Ephesians 1:16-18 (NLT2)

[We] have not stopped thanking God for you. [We] pray for you constantly, asking God, the glorious Father of our Lord Jesus Christ, to give you spiritual wisdom and insight so that you might grow in your knowledge of God. [We} pray that your heart will be flooded with light so that you can understand the confident hope He has given to those He called—His holy people who are His rich and glorious inheritance.

We pray you will be challenged, convicted, encouraged, and blessed by our devotionals to the glory of God.

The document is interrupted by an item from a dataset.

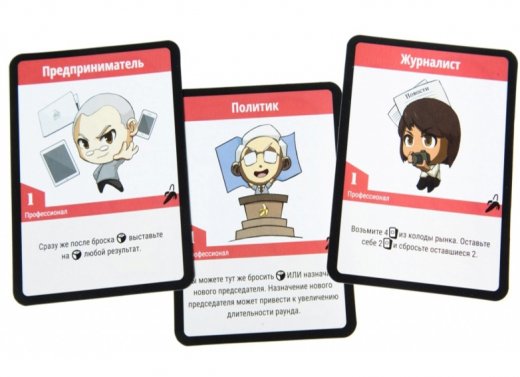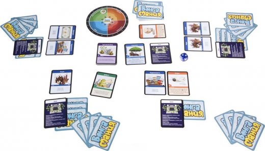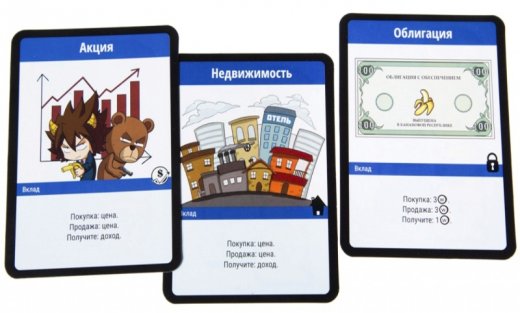 На столе выкладывается поле экономического цикла, сектора которого указывают на текущее состояние экономики в республике: Стагнация, Спад, Восстановление и Подъем. По внешней окружности указана шкала доходов от ваших вкладов, акций недвижимости и пр. На внутренней окружности указана шкала стоимости покупки/продажи акций недвижимости в тот или иной период экономического цикла. На текущее состояние экономики указывает специальный жетон, который каждый раунд будет менять свое положение, в зависимости от выпавшего значения на кубике производительности. Отдельно разместите стопки карт трастовых фондов и страховки – они будут доступны для покупки игроками, а оставшуюся колоду карт разместите на столе рубашкой вверх – это карты рынка. Игроки берут с рынка по 3 карты рубашкой вверх - это деньги, они лежат перед игроком, еще по 4 карты с рынка они берут себе в руку. С лицевой стороны – это уже карты Возможностей.

Our Most Recent Devotional

For Today, Unto You Is Born A Savior, Part 6 of 6

Luke 2:8-11 (NASB)

In the same region there were some shepherds staying out in the fields and keeping watch over their flock by night. And an angel of the Lord suddenly stood before them, and the glory of the Lord shone around them; and they were terribly frightened. But the angel said to them, "Do not be afraid; for behold, I bring you good news of great joy which will be for all the people; for today in the city of David there has been born for you a Savior, who is Christ the Lord. 

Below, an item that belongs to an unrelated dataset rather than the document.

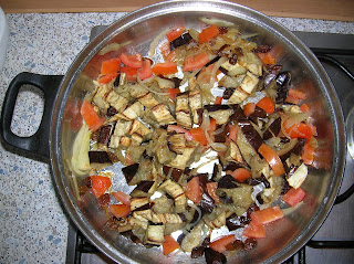 sütőben 180 fokon 40 perc alatt a padlizsánt készre sütöttem. Ehhez négyfelé vágtam és sóztam, borsoztam. A hagymát megpirítottam sóztam, borsoztam, rá a kömény, majd a kimagozott paradicsomgerezdeket hozzáadtam a mazsolával együtt, majd rá a kész padlizsánt és meglocsoltam a citrommal. Mehet is az asztalra. :)

The Scripture says that in His incarnation the Lord of glory (1 Cor. 2:8) “emptied Himself, taking the form of a bond-servant, and [was] made in the likeness of men” (Phil. 2:7). All the adjectives and exclamations in language could never say enough about that reality. Yet, paradoxically, history’s most notable birth happened under the most obscure, nondescript, humble circumstances imaginable—Jesus was born in the place where the animals of those staying in a public shelter were kept. No one in the sleepy little village of Bethlehem realized the significance of what had happened, except, to a certain degree, the Child’s parents. But that was about to change; the silence regarding the Savior’s birth would be broken in a most supernaturally dramatic way.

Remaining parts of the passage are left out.